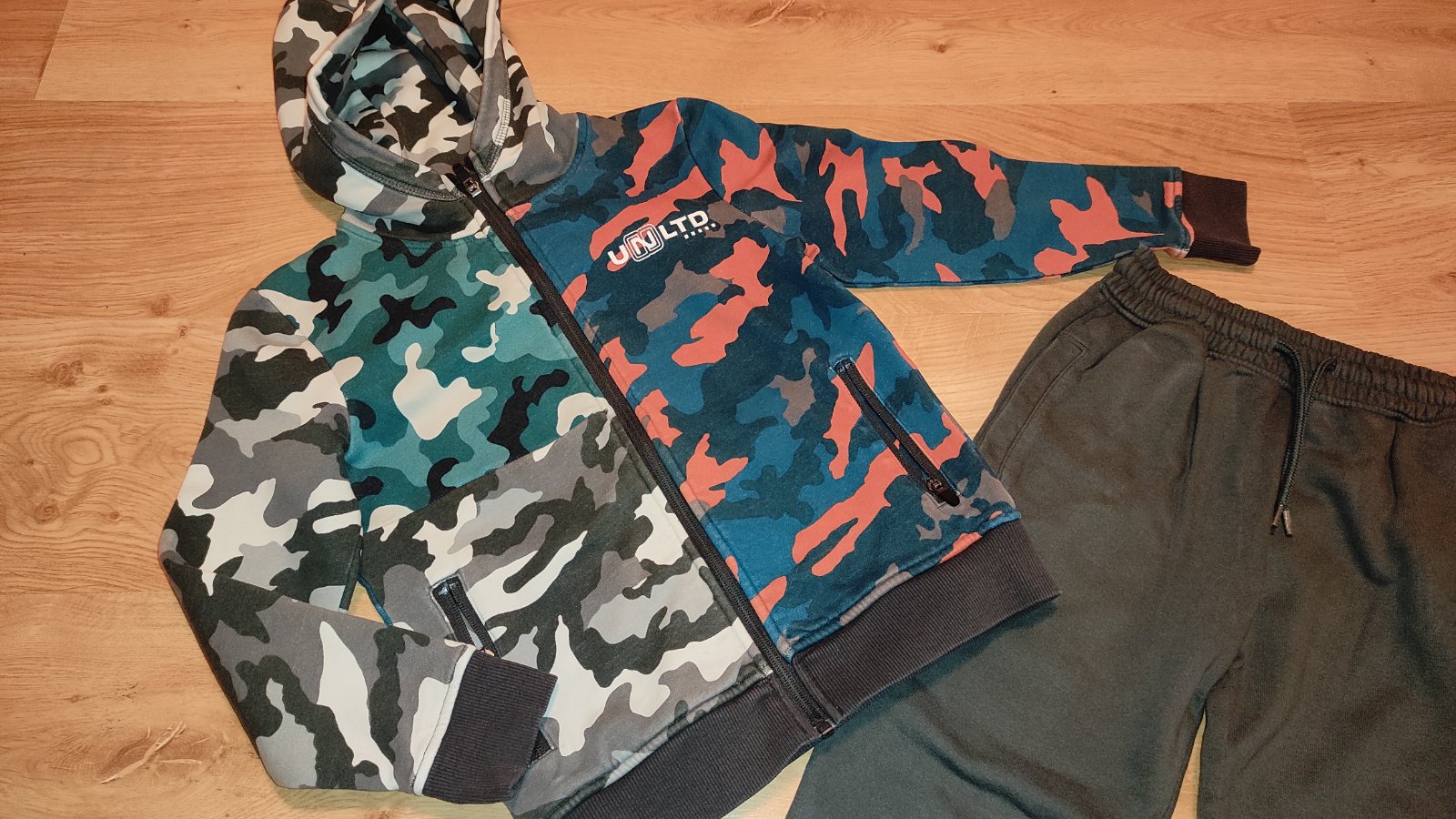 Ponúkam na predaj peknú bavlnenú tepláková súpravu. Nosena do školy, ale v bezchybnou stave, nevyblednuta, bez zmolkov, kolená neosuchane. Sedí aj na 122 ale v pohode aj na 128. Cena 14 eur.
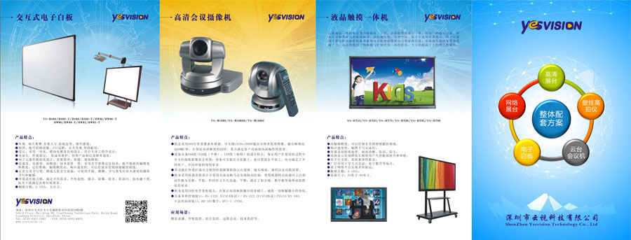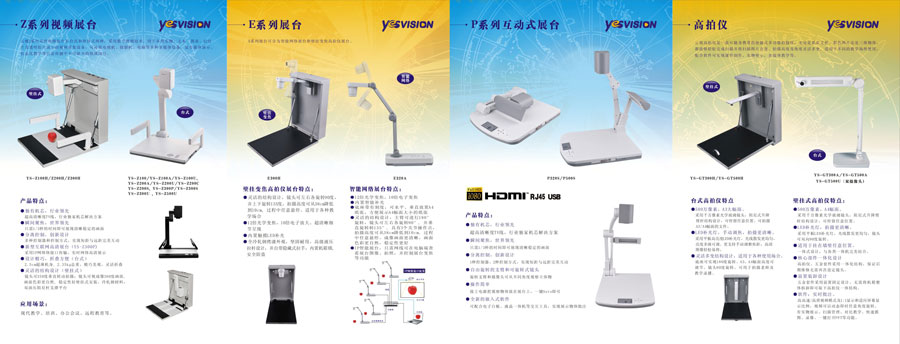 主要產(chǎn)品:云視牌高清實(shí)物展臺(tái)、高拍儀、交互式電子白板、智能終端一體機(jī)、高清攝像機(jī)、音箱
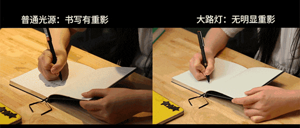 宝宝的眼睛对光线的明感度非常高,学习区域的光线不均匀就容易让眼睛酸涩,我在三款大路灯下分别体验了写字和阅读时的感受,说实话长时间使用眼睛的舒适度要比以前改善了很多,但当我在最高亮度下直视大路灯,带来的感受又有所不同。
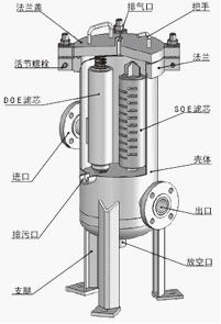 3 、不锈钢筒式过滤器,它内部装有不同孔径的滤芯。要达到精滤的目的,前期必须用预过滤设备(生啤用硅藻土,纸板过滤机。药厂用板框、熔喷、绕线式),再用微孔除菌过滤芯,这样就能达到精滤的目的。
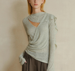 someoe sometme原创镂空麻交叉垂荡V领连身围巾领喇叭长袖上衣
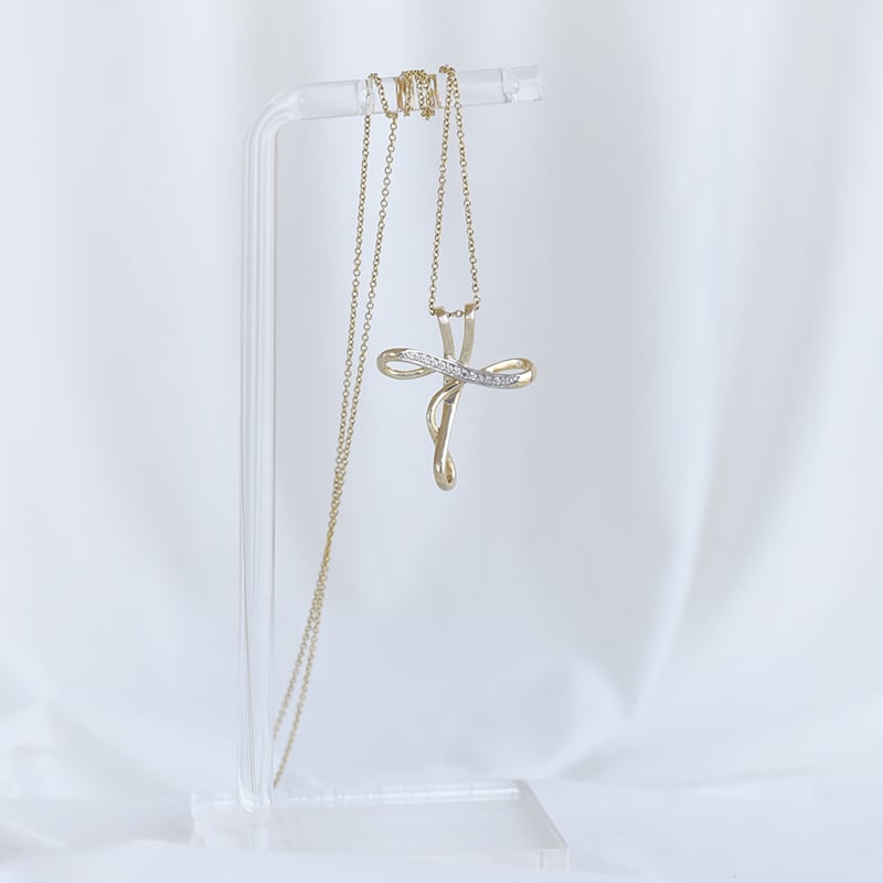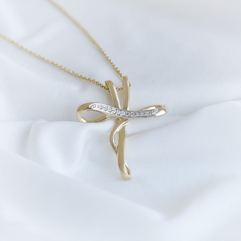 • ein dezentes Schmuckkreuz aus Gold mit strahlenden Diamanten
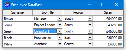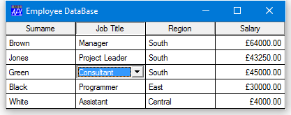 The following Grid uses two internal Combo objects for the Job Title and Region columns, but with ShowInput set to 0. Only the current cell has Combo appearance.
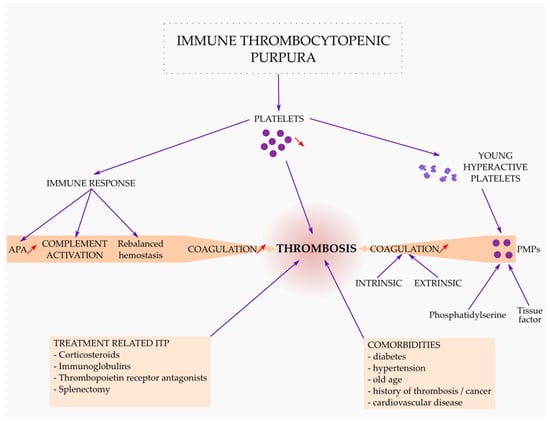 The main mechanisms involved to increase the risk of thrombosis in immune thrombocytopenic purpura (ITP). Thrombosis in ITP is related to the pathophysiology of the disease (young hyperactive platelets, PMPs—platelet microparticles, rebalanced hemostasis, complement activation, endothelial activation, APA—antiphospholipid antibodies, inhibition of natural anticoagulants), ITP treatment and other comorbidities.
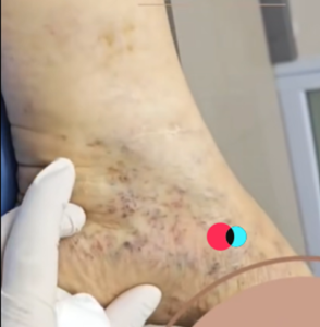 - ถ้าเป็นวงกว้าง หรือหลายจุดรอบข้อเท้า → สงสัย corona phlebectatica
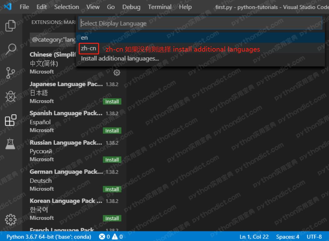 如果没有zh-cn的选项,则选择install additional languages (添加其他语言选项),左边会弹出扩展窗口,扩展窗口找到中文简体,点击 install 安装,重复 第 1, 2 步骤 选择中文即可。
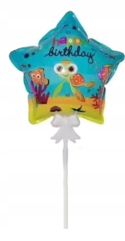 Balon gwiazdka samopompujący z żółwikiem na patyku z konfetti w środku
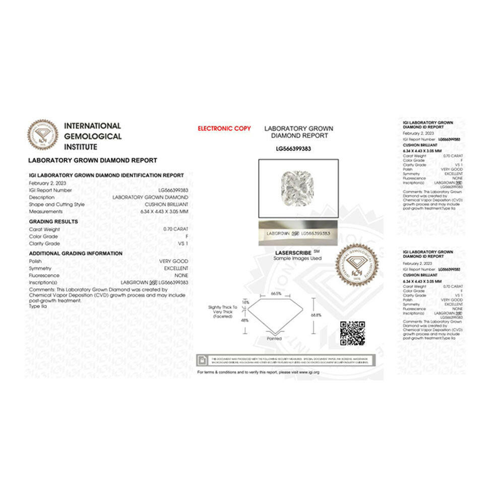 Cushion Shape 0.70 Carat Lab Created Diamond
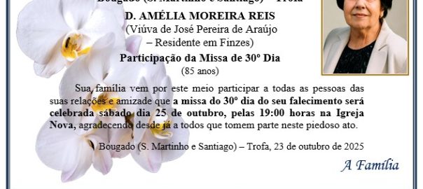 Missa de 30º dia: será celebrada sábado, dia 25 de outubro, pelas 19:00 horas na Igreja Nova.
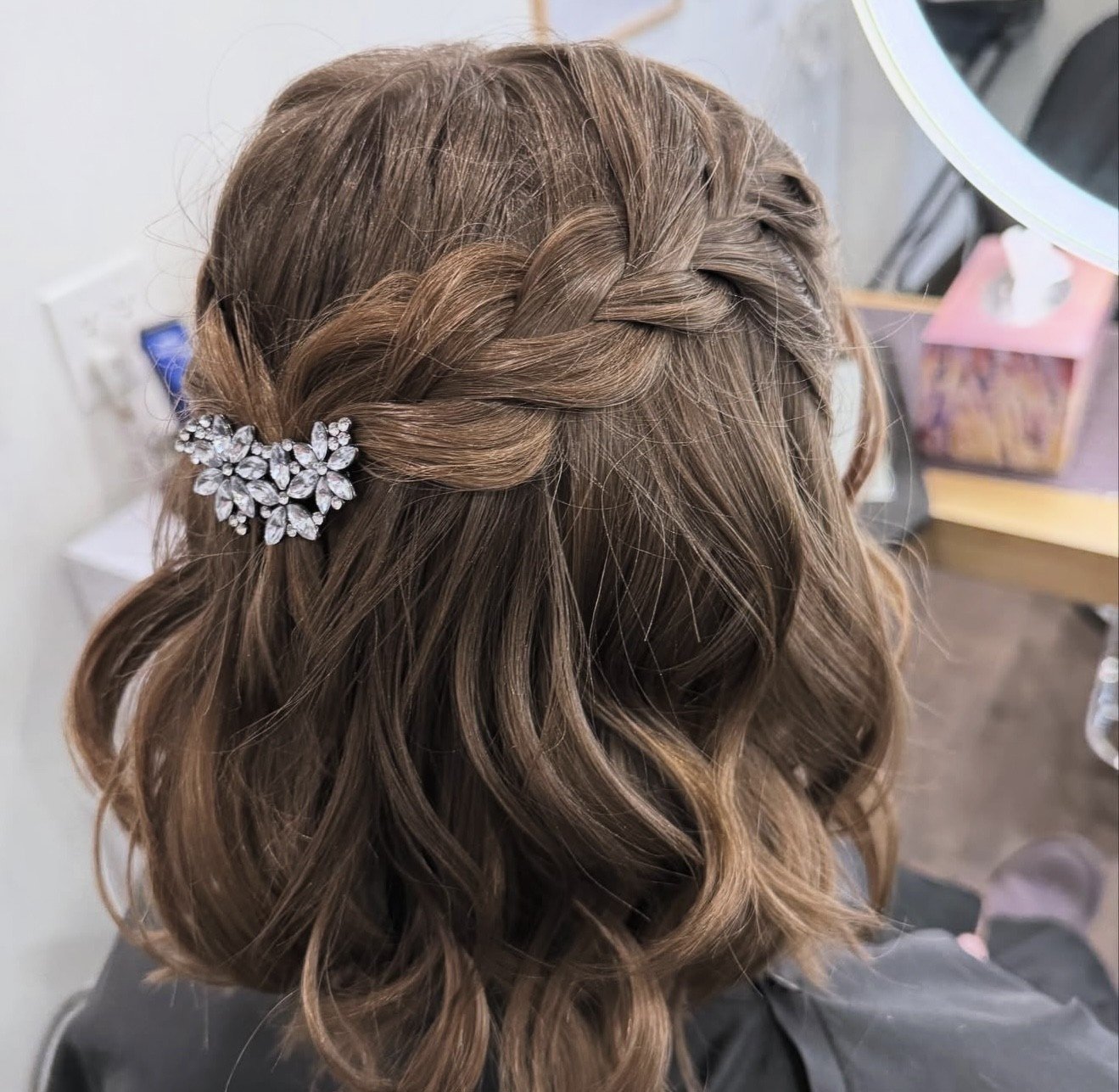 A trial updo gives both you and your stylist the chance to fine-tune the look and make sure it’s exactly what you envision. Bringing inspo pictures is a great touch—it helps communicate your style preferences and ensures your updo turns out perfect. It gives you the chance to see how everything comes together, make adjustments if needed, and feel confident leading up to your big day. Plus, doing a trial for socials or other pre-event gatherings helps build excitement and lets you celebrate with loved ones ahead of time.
● ● ● ● ● ● ●
■ Work to be completed ■
Although pictures appear among the records above, write out exactly only the lines from the one that has "The following Grid" through the one that has "Missa de 30º", and leave the pictures out.

■ Answer to this problem ■
 The following Grid uses two internal Combo objects for the Job Title and Region columns, but with ShowInput set to 0. Only the current cell has Combo appearance.
 The main mechanisms involved to increase the risk of thrombosis in immune thrombocytopenic purpura (ITP). Thrombosis in ITP is related to the pathophysiology of the disease (young hyperactive platelets, PMPs—platelet microparticles, rebalanced hemostasis, complement activation, endothelial activation, APA—antiphospholipid antibodies, inhibition of natural anticoagulants), ITP treatment and other comorbidities.
 - ถ้าเป็นวงกว้าง หรือหลายจุดรอบข้อเท้า → สงสัย corona phlebectatica
 如果没有zh-cn的选项,则选择install additional languages (添加其他语言选项),左边会弹出扩展窗口,扩展窗口找到中文简体,点击 install 安装,重复 第 1, 2 步骤 选择中文即可。
 Balon gwiazdka samopompujący z żółwikiem na patyku z konfetti w środku
 Cushion Shape 0.70 Carat Lab Created Diamond
 Missa de 30º dia: será celebrada sábado, dia 25 de outubro, pelas 19:00 horas na Igreja Nova.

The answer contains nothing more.